Six Slugs A-sinnin’!

According to Wiktionary, a collective of slugs may be referred to as a cornucopia. With all due emphasis on that modal, there’s no denying that Banana Slugs were copious at last month’s edition of Sinn und Bedeutung. Held at Goethe University Frankfurt, SuB30 featured presentations from many community members:

You can see most of these folks pictured below!

(l to r): Sharf, Knick, Hofmann, Unidentified Frankfurter, Li, Tamura. Not pictured: Cao.

Biba Bibbs!

Earlier this July, Richard Bibbs defended his dissertation on Phonological Asymmetries from Phonetic Substance: Case Studies in the Special Status of Laryngeals (chaired by Ryan Bennett, with committee members Grant and Amanda). That, of course, merits its own kudos, but … there’s more.

While Richard has left the halls of Stevenson, he hasn’t wandered too far: on 9/15, he started his new role as an Undergraduate Advisor in the Economics department here on campus. Richard reports that he is excited to continue helping UCSC students, now outside of the Linguistics major. He promises to visit the department when he can, but you can visit him too: his new digs are in Engineering 2.

Welcome to Fall 2025!

On Friday, September 26, our department gathered in Humanities 1 to mark the start of the new academic year with the annual fall welcome event. The UCSC linguistics community came together to catch up after the summer and to welcome this year’s incoming cohort. We are delighted to welcome Keyü Dong, Dahoon Kim, and Florence Lyu as first-year PhD students, and Ulysses Noë as an incoming BAMA student. In addition, we are joined this year by Mirea Sasaki, an exchange student from the University of Tokyo.
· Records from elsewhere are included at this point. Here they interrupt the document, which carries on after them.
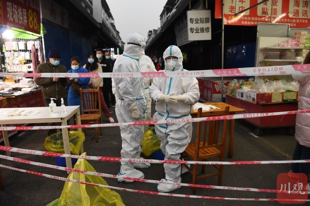 市场门口也有隔离线,四川在线记者看到里面的摊点依然在营业,不少路过的市民询问能否进去买菜,进去了还能否出来,“只要做了核酸检测就可以,走专门的通道。”隔离线内一名工作人员说。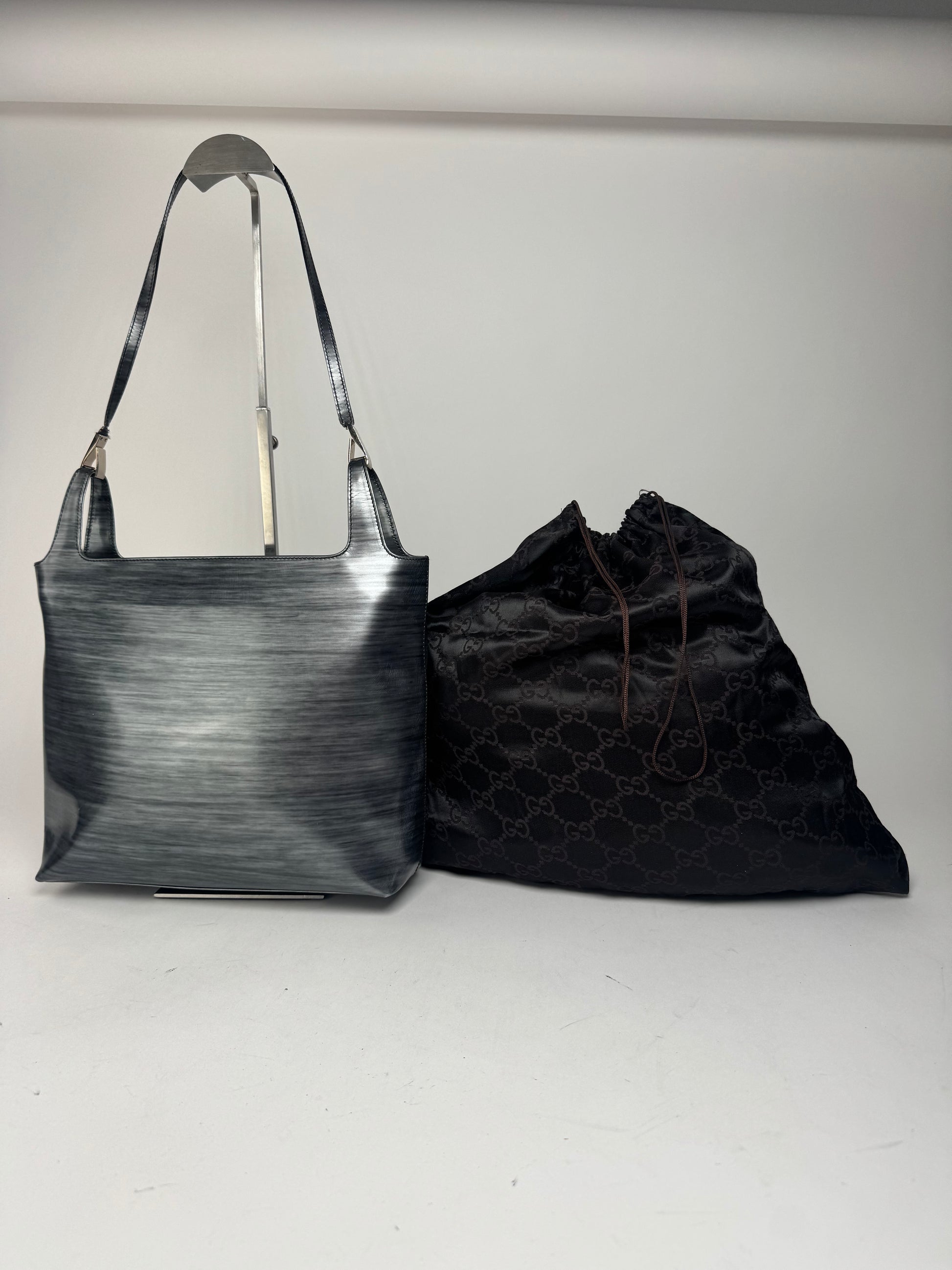 This chic handbag is finely crafted of grey and black striped leather. The bag features a medium-length handle, silver-tone steel hardware, and a top zipper closure. It can be comfortably carried over the shoulder. The interior is lined in black leather.
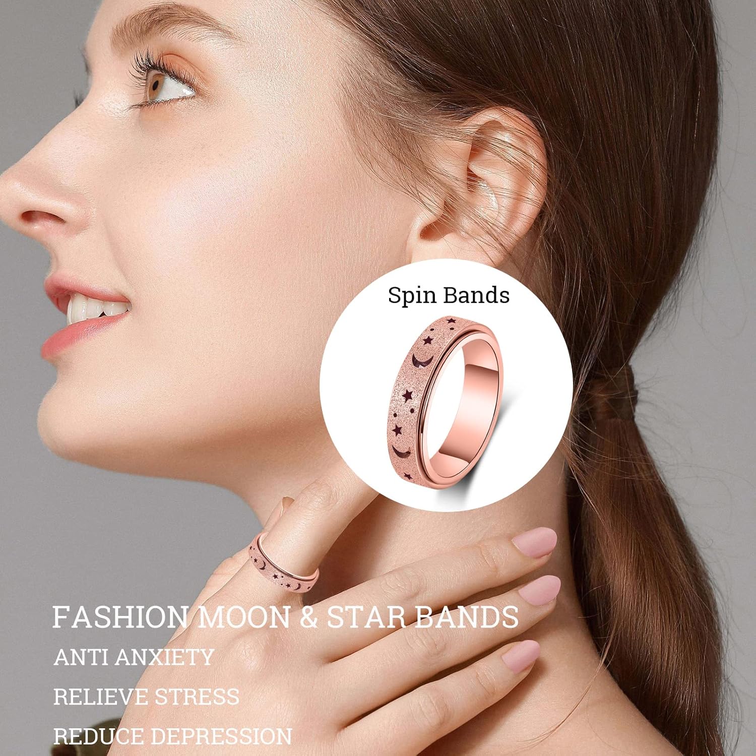 Anxiety Ring for Women Men, Titanium Stainless Steel Spinner Ring, 5 Colors, 6MM, Size 6-10, 3 Styles Anxiety Ring-Moon Star, Sandblasted Finished, Hollow Outer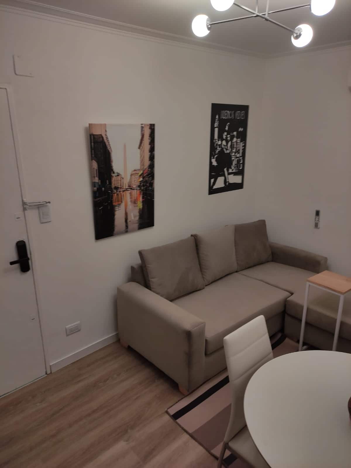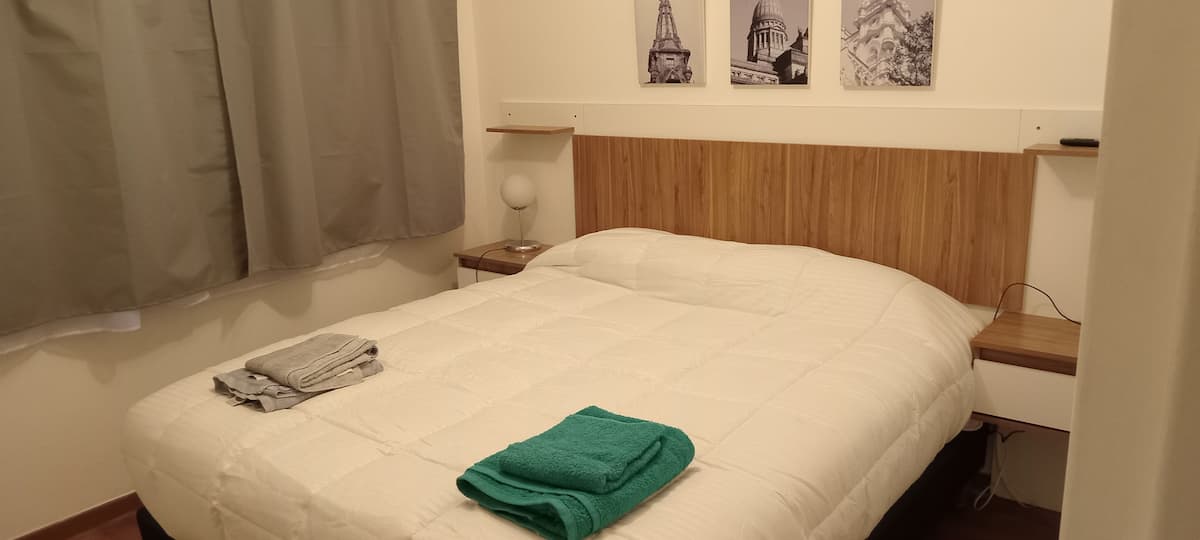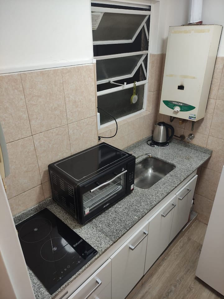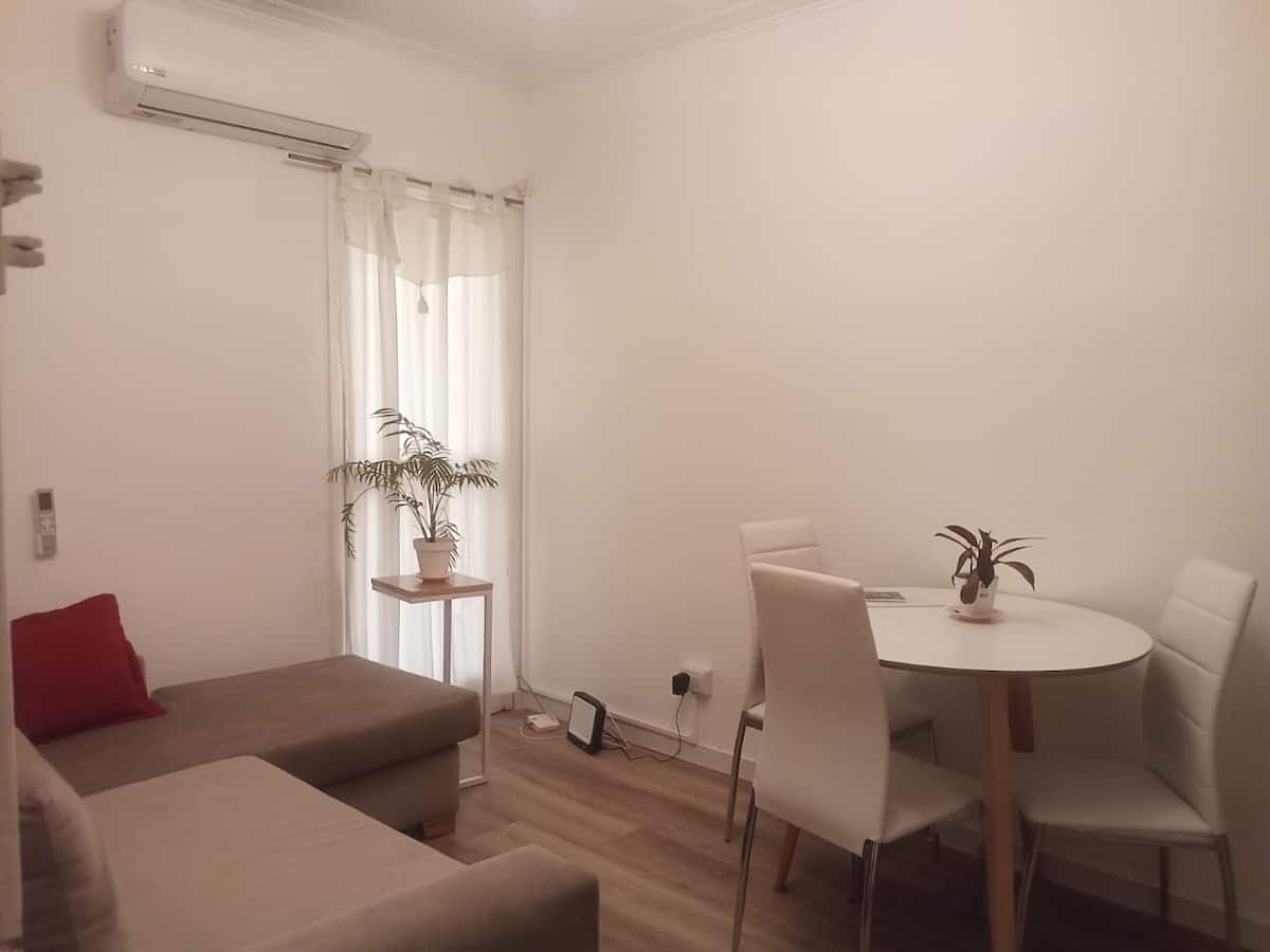 Квартира в San Nicolás с 2 комнатами и 1 спальней, предоставляется с мебелью. В спальне двуспальная кровать (queen size), Smart TV, дополнительный обогреватель, шторы blackout и настольные лампы. На кухне холодильник с морозильной камерой, электрическая духовка, керамическая плита, кофеварка, электрочайник, тостер и полный набор посуды. В ванной есть ванна и поручень безопасности; в гостиной L-образный диван, стол для еды или работы, стулья, шкаф для хранения и Wi‑Fi. Есть детская кроватка по за

The afternoon was filled with vibrant conversations about current projects and future plans. Throughout the quarter, we’ll continue sharing highlights from faculty and students about their research and what lies ahead for the year. Stay tuned! 

The department at the fall welcome event

Banana Slugs at AMP 2025

This year’s Annual Meeting on Phonology (AMP 2025) was held September 25–26 at UC Berkeley, and UCSC was well represented by both current graduate students and alumni.

Among our current grads, Jonathan Paramore gave a talk titled “Modeling Phonetic Neutralization in Exemplar Theory.” Hanyoung Byun presented “Lenis obstruent voicing in Seoul Korean: Phonological or phonetic?”. Hanyoung’s abstract was also selected for the Best Student Abstract Award. Larry Lyu presented a poster, “The local meets the non-local: assimilation-induced transparency in vowel harmony.”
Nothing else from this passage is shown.